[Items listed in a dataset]
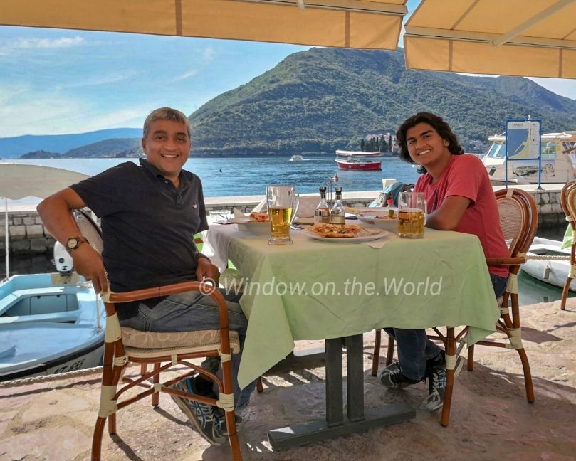 A beautiful old town of Perast.Island of Saint George (Ostrvo Sveti Đorđe) is one of the two islets off the coast of Perast in the Bay of Kotor. Island of Saint George (Ostrvo Sveti Đorđe) contains Saint George Benedictine monastery from the 12th century and the old graveyard for the old nobility from Perast.Our Lady of the Rocks (Gospa od Škrpjela) is one of the two islets off the coast of Perast. It is an artificial island created by bulwark of rocks and by sinking old and seized ships loaded with rocks. According to legend, the islet was made over the centuries by local seamen who kept an ancient oath after finding the icon of Madonna and Child on the rock in the sea during 1452; upon returning from each successful voyage, they laid a rock in the Bay. Over time, the islet gradually emerged from the sea.A gift-shop on Our Lady of the Rocks (Gospa od Škrpjela) islet.Ancient Cross on Our Lady of the Rocks (Gospa od Škrpjela) islet.Beautiful coastal town of Perast from Our Lady of the Rocks (Gospa od Škrpjela) islet.Beautiful coastal towns along the Bay of Kotor, a view from Our Lady of the Rocks (Gospa od Škrpjela) islet.Beautiful coastal town of Perast.Lunch at the bay-side restaurant in Perast, served with locally brewed Montenegrean draft Beer
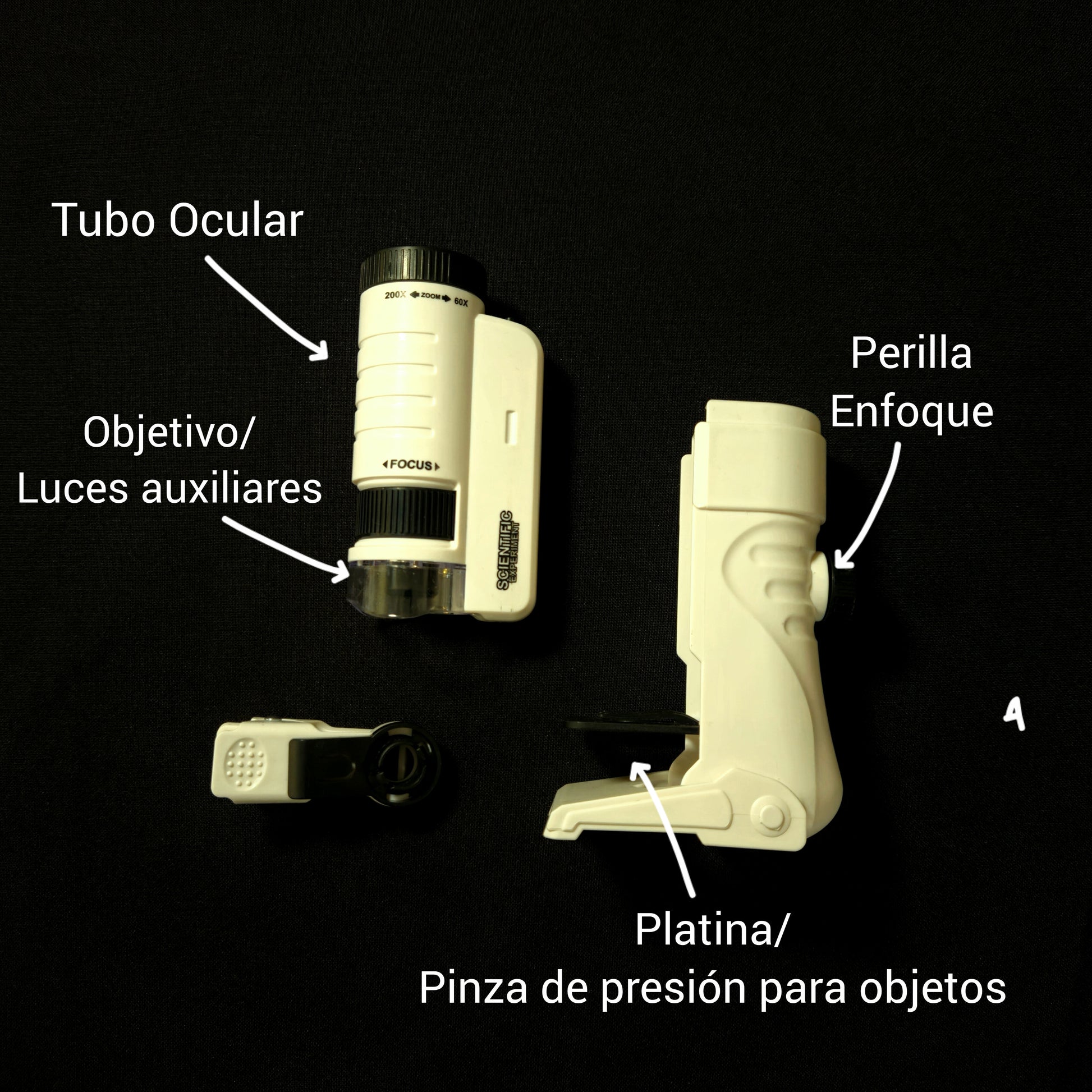Adaptador Universal para Celular: conecta el microscopio a tu smartphone para sacar fotos y videos de tus descubrimientos.
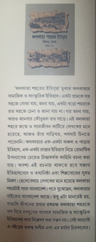 'কলকাতা শহরের ইতিবৃত্ত' মুখ্যত কলকাতার সামাজিক ও সাংস্কৃতিক ইতিহাস। একটা গ্রামকে যত সহজে বোঝা যায়, জানা যায়, একটা বড়ো শহরকে তত সহজে চেনা ও জানা যায় না। যত জানা যায়, আরও জানবার কৌতূহল তত বাড়ে। এই কলকাতা শহরে জন্মে ও সারাজীবন কাটিয়ে লেখকের মনে হয়েছে, আজও তাঁর বাড়িঘর, পথঘাট চিনতে পারেননি। কলকাতার এক-একটা অঞ্চল ও পাড়ার ইতিহাস, এক-একটা রাস্তার ইতিহাস নিয়ে রোমান্টিক উপন্যাসের চেয়েও চিত্তাকর্ষক কাহিনি রচনা করা যায়। অবশ্য এই রচনায় থাকতে হবে সজাগ ইতিহাসবোধ ও তথ্যনিষ্ঠা এবং শিল্পবোধের সুষম মিশ্রণ। ছেলেবেলায় লেখকের মনে হয়েছে কলকাতা শহরটাই সারা বাংলাদেশ। পরে বুঝেছেন, কলকাতার বাইরেও বাংলাদেশ আছে। তবু এটা মানতেই হয়, বাঙালি জীবনের প্রধান রঙ্গমঞ্চ কলকাতা শহরকে বাদ দিয়ে নবযুগের বাংলার সামাজিক ও সাংস্কৃতিক ইতিহাসের ধারা বিশ্লেষণ করা সম্ভব নয়। সেই কারণেই এ-বইয়ের গুরুত্ব অসীম এবং এর মর্যাদা চিরকালের।
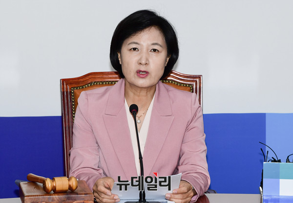 추미애 더불어민주당 대표가 25일 오전 국회 당대표실에서 열린 최고위원회의에 참석해 모두발언을 하고 있다.
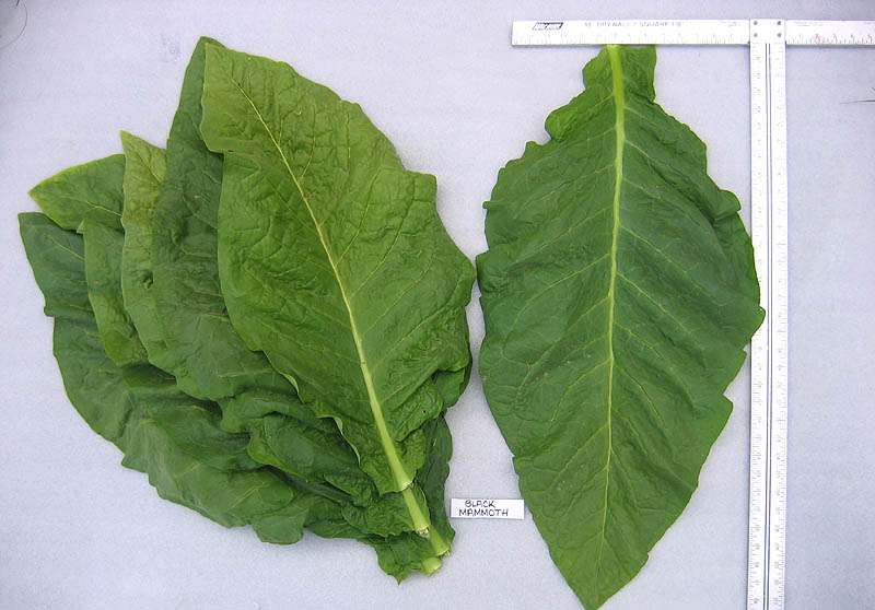 Black Mammoth is a dark tobacco that produces large, think, heavy weight leaves. The stot plants are very weather resistant. It grow to about 4' 1/2 to the flower head and produces an average of 13 to 14 leaves per plant. The leaves average 16 to 18 in width and 30 to 33 inches in length. Maturity and flower are in about 60 to 65 days,

• **Problem to solve**
Repeat each line above exactly. The pictures stay out.

• **Task output**
 A beautiful old town of Perast.Island of Saint George (Ostrvo Sveti Đorđe) is one of the two islets off the coast of Perast in the Bay of Kotor. Island of Saint George (Ostrvo Sveti Đorđe) contains Saint George Benedictine monastery from the 12th century and the old graveyard for the old nobility from Perast.Our Lady of the Rocks (Gospa od Škrpjela) is one of the two islets off the coast of Perast. It is an artificial island created by bulwark of rocks and by sinking old and seized ships loaded with rocks. According to legend, the islet was made over the centuries by local seamen who kept an ancient oath after finding the icon of Madonna and Child on the rock in the sea during 1452; upon returning from each successful voyage, they laid a rock in the Bay. Over time, the islet gradually emerged from the sea.A gift-shop on Our Lady of the Rocks (Gospa od Škrpjela) islet.Ancient Cross on Our Lady of the Rocks (Gospa od Škrpjela) islet.Beautiful coastal town of Perast from Our Lady of the Rocks (Gospa od Škrpjela) islet.Beautiful coastal towns along the Bay of Kotor, a view from Our Lady of the Rocks (Gospa od Škrpjela) islet.Beautiful coastal town of Perast.Lunch at the bay-side restaurant in Perast, served with locally brewed Montenegrean draft Beer
Adaptador Universal para Celular: conecta el microscopio a tu smartphone para sacar fotos y videos de tus descubrimientos.
 'কলকাতা শহরের ইতিবৃত্ত' মুখ্যত কলকাতার সামাজিক ও সাংস্কৃতিক ইতিহাস। একটা গ্রামকে যত সহজে বোঝা যায়, জানা যায়, একটা বড়ো শহরকে তত সহজে চেনা ও জানা যায় না। যত জানা যায়, আরও জানবার কৌতূহল তত বাড়ে। এই কলকাতা শহরে জন্মে ও সারাজীবন কাটিয়ে লেখকের মনে হয়েছে, আজও তাঁর বাড়িঘর, পথঘাট চিনতে পারেননি। কলকাতার এক-একটা অঞ্চল ও পাড়ার ইতিহাস, এক-একটা রাস্তার ইতিহাস নিয়ে রোমান্টিক উপন্যাসের চেয়েও চিত্তাকর্ষক কাহিনি রচনা করা যায়। অবশ্য এই রচনায় থাকতে হবে সজাগ ইতিহাসবোধ ও তথ্যনিষ্ঠা এবং শিল্পবোধের সুষম মিশ্রণ। ছেলেবেলায় লেখকের মনে হয়েছে কলকাতা শহরটাই সারা বাংলাদেশ। পরে বুঝেছেন, কলকাতার বাইরেও বাংলাদেশ আছে। তবু এটা মানতেই হয়, বাঙালি জীবনের প্রধান রঙ্গমঞ্চ কলকাতা শহরকে বাদ দিয়ে নবযুগের বাংলার সামাজিক ও সাংস্কৃতিক ইতিহাসের ধারা বিশ্লেষণ করা সম্ভব নয়। সেই কারণেই এ-বইয়ের গুরুত্ব অসীম এবং এর মর্যাদা চিরকালের।
 추미애 더불어민주당 대표가 25일 오전 국회 당대표실에서 열린 최고위원회의에 참석해 모두발언을 하고 있다.
 Black Mammoth is a dark tobacco that produces large, think, heavy weight leaves. The stot plants are very weather resistant. It grow to about 4' 1/2 to the flower head and produces an average of 13 to 14 leaves per plant. The leaves average 16 to 18 in width and 30 to 33 inches in length. Maturity and flower are in about 60 to 65 days,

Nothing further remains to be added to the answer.